SMART support is: Enabled

=== START OF READ SMART DATA SECTION ===
SMART overall-health self-assessment test result: PASSED

General SMART Values:
Offline data collection status: (0x84) Offline data collection activity
was suspended by an interrupting command from host.
Auto Offline Data Collection: Enabled.
Self-test execution status: ( 0) The previous self-test routine completed
without error or no self-test has ever
been run.
Total time to complete Offline
data collection: (40320) seconds.
Offline data collection
capabilities: (0x7b) SMART execute Offline immediate.
Auto Offline data collection on/off support.
Suspend Offline collection upon new
command.
Offline surface scan supported.
Self-test supported.
Conveyance Self-test supported.
Selective Self-test supported.
SMART capabilities: (0x0003) Saves SMART data before entering
power-saving mode.
Supports SMART auto save timer.
Error logging capability: (0x01) Error logging supported.
General Purpose Logging supported.
Short self-test routine
recommended polling time: ( 2) minutes.
Extended self-test routine
recommended polling time: ( 404) minutes.
Conveyance self-test routine
recommended polling time: ( 5) minutes.
SCT capabilities: (0x70b5) SCT Status supported.
SCT Feature Control supported.
SCT Data Table supported.

SMART Attributes Data Structure revision number: 16
Vendor Specific SMART Attributes with Thresholds:
ID# ATTRIBUTE_NAME FLAG VALUE WORST THRESH TYPE UPDATED WHEN_FAILED RAW_VALUE
1 Raw_Read_Error_Rate 0x002f 200 200 051 Pre-fail Always - 0
3 Spin_Up_Time 0x0027 182 181 021 Pre-fail Always - 5891
4 Start_Stop_Count 0x0032 100 100 000 Old_age Always - 32
5 Reallocated_Sector_Ct 0x0033 200 200 140 Pre-fail Always - 0
7 Seek_Error_Rate 0x002e 200 200 000 Old_age Always - 0
9 Power_On_Hours 0x0032 089 089 000 Old_age Always - 8074
10 Spin_Retry_Count 0x0032 100 253 000 Old_age Always - 0
11 Calibration_Retry_Count 0x0032 100 253 000 Old_age Always - 0
12 Power_Cycle_Count 0x0032 100 100 000 Old_age Always - 31
192 Power-Off_Retract_Count 0x0032 200 200 000 Old_age Always - 23
193 Load_Cycle_Count 0x0032 001 001 000 Old_age Always - 839516
194 Temperature_Celsius 0x0022 109 104 000 Old_age Always - 41
196 Reallocated_Event_Count 0x0032 200 200 000 Old_age Always - 0
197 Current_Pending_Sector 0x0032 200 200 000 Old_age Always - 0
198 Offline_Uncorrectable 0x0030 200 200 000 Old_age Offline - 0
199 UDMA_CRC_Error_Count 0x0032 200 200 000 Old_age Always - 0
200 Multi_Zone_Error_Rate 0x0008 200 200 000 Old_age Offline - 0

SMART Error Log Version: 1
No Errors Logged

SMART Self-test log structure revision number 1
No self-tests have been logged. [To run self-tests, use: smartctl -t]

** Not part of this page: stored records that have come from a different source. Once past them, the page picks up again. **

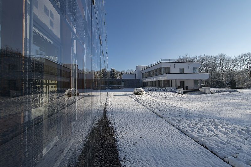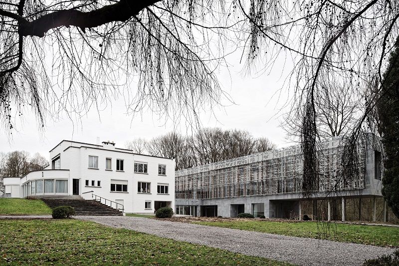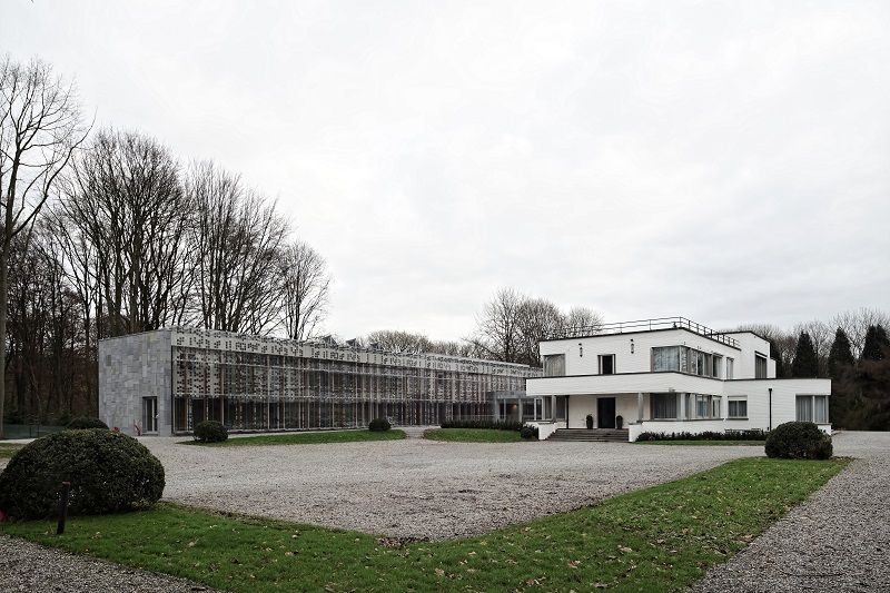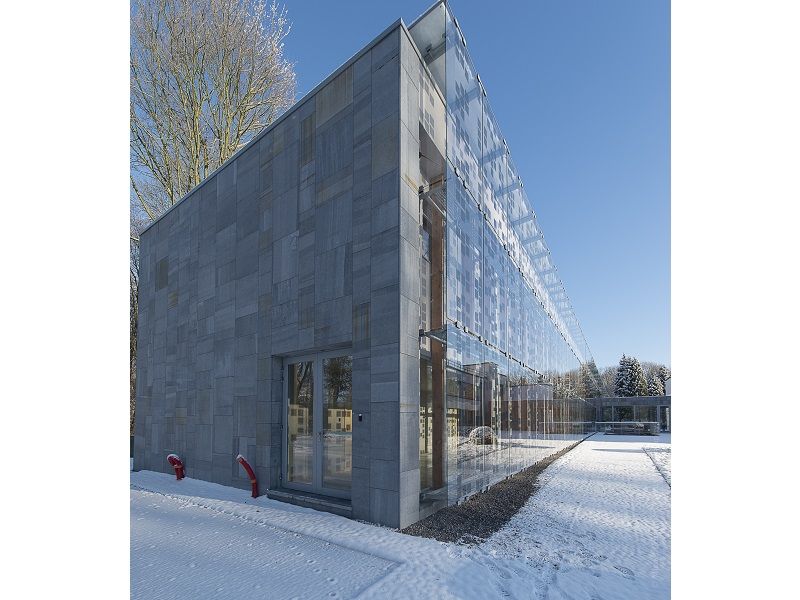 La nouvelle Aile de Launoit, conforte la vocation de ce lieu mythique à être un écrin pour l’excellence artistique musicale au milieu de la nature. Tel le monolithe de « 2001 L’Odyssée de l’espace » (Stanley Kubrick 1968), le projet se traduit par une longue barre de près de cent mètres de long, tendue à l’arrière du bâtiment construit en 1939 par Yvan Renchon. Comme une toile de fond pour ce patrimoine classé dont elle double les capacités, la nouvelle architecture joue avec le verre et la pierre bleue des Carrières du Hainaut pour créer un décor qui reflète la nature autant qu’il répond à l’architecture existante.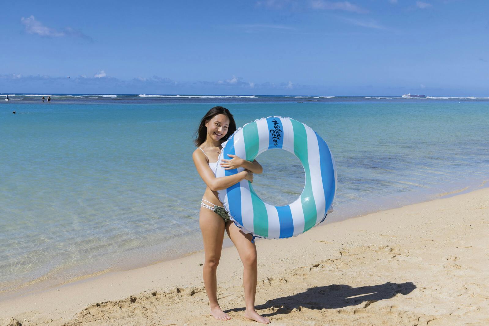 膨らんだ状態の浮輪の内周が約130~135センチとかなり大きめな浮輪です。大人1人がゆったりと入れる大きさです。かんたん空気栓装着商品。ロープ付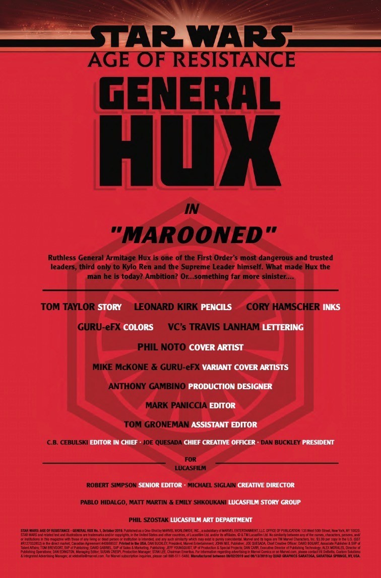 Star Wars: Age of Resistance: General Hux #1 is out on August 28th, priced $3.99.

SMART Selective self-test log data structure revision number 1
SPAN MIN_LBA MAX_LBA CURRENT_TEST_STATUS
1 0 0 Not_testing
2 0 0 Not_testing
3 0 0 Not_testing
4 0 0 Not_testing
5 0 0 Not_testing
Selective self-test flags (0x0):
After scanning selected spans, do NOT read-scan remainder of disk.
If Selective self-test is pending on power-up, resume after 0 minute delay.

[root@freenas] ~#
 

warri

Guru
Joined
Jun 6, 2011
Messages
1,193
The load cycle count of this drive is extremely high (839,516). These drives are usually rated for 300,000-500,000 cycles in their total life time - and your drive is just about a year old. This is a known issue on WD Greens (2 and 3 TB), my build is facing the same problems. You should read this article for more information: Hacking WD Greens(and Reds) with WDIDLE3.exe

The rest of the SMART values look OK. Is the drive connected directly to the mainboard or do you use a separate controller? Which mainboard are you using?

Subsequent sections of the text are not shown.